Brady’s New York gallery exhibit of Alexander Gardner and James Gibson’s pictures later in 1862, “The Dead of Antietam,” drew large crowds who were curious to stare into the faces of these anonymous dead. Gardner and Gibson’s pictures teem with the swollen, spread-eagled, prostrate corpses of dead soldiers, dead horses, open graves, Union soldiers on burial detail, and the like. A New York Times review reported that Brady’s photos had “done something to bring home to us the terrible reality and earnestness of war. If he has not brought bodies and laid them in our door-yards and along the streets, he has done something like it.”

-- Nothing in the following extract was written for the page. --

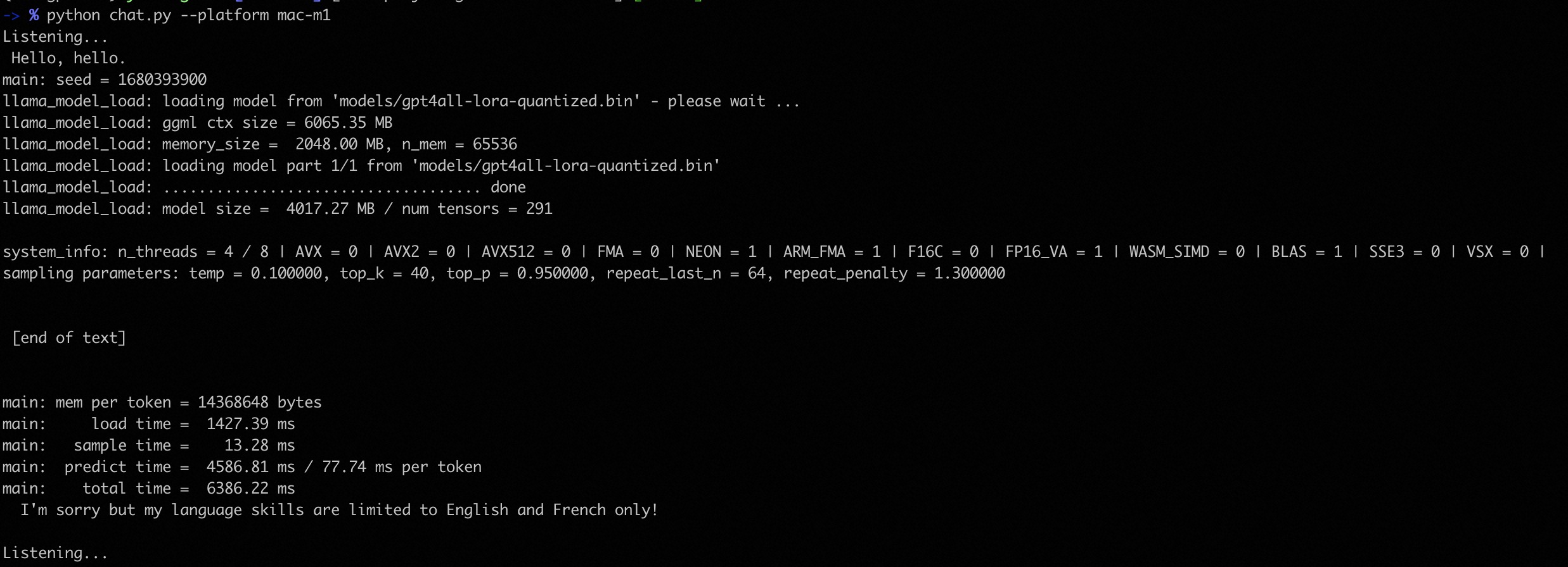 实际上,它只是几个工具的简易组合,没有什么创新的地方(甚至不支持多轮聊天,只支持英文),但 talkGPT4All 有下面几个比较好的特点

Oliver Wendell Holmes, author and son of a future Supreme Court Justice, viewed the exhibit months after he himself had gone to search the Antietam battlefield for his son, a participant in the battle. In an Atlantic Monthly article in July 1863, Holmes advised, “Let him who wishes to know what war is like look at this series of illustrations … It is well enough for some Baron Gros or Horace Vernet to please an imperial master with fanciful portraits of what they are supposed to be. The honest sunshine … gives us … some conception of what a repulsive, sickening, hideous thing it is, this dashing together of two frantic mobs to which we give the name of armies.”

Brady’s exhibit proved to be a milestone in the use of the photograph to tell the story of catastrophic public events. Not incidentally, it also demonstrated the power of photographs to simultaneously shock, fascinate and generate business.

In the Civil War era, as much as in our own times, scooping competitors by getting the big story first lent a certain prestige (and brought big business) to those writers who could pull it off. Now that the illustrated weekly newspapers had created a profitable niche for photographers in the world of journalism, photographers followed suit. Thus, when word of the immense battle in progress at Gettysburg filtered into the photographing communities in the North in July 1863, the news touched off a race to beat all comers to the scene and get the best pictures.

Alexander Gardner, along with Timothy O’Sullivan and James Gibson, got there first having left Washington immediately after hearing word of the battle. Gardner had by now left the Brady stable to go into business for himself, taking many former Brady associates with him. Gardner and Brady most likely parted way on friendly terms, but the two photographers were now competitors.

Gardner, O’Sullivan and Gibson took many pictures of dead soldiers, breastworks and battlefield locations. Unfortunately, Gardner completely overlooked or did not see other important landmarks of the battle. He had arrived too soon to acquire the services of any reliable guide, who might have identified these landmarks for him.

When Mathew Brady arrived a week later, he did have the advantage of battlefield guides, although his pictures, while they illustrated all the important battlefield landmarks (and consequently got the public exposure in the illustrated weeklies), they lacked the dramatic impact of Gardner’s pictures of the dead.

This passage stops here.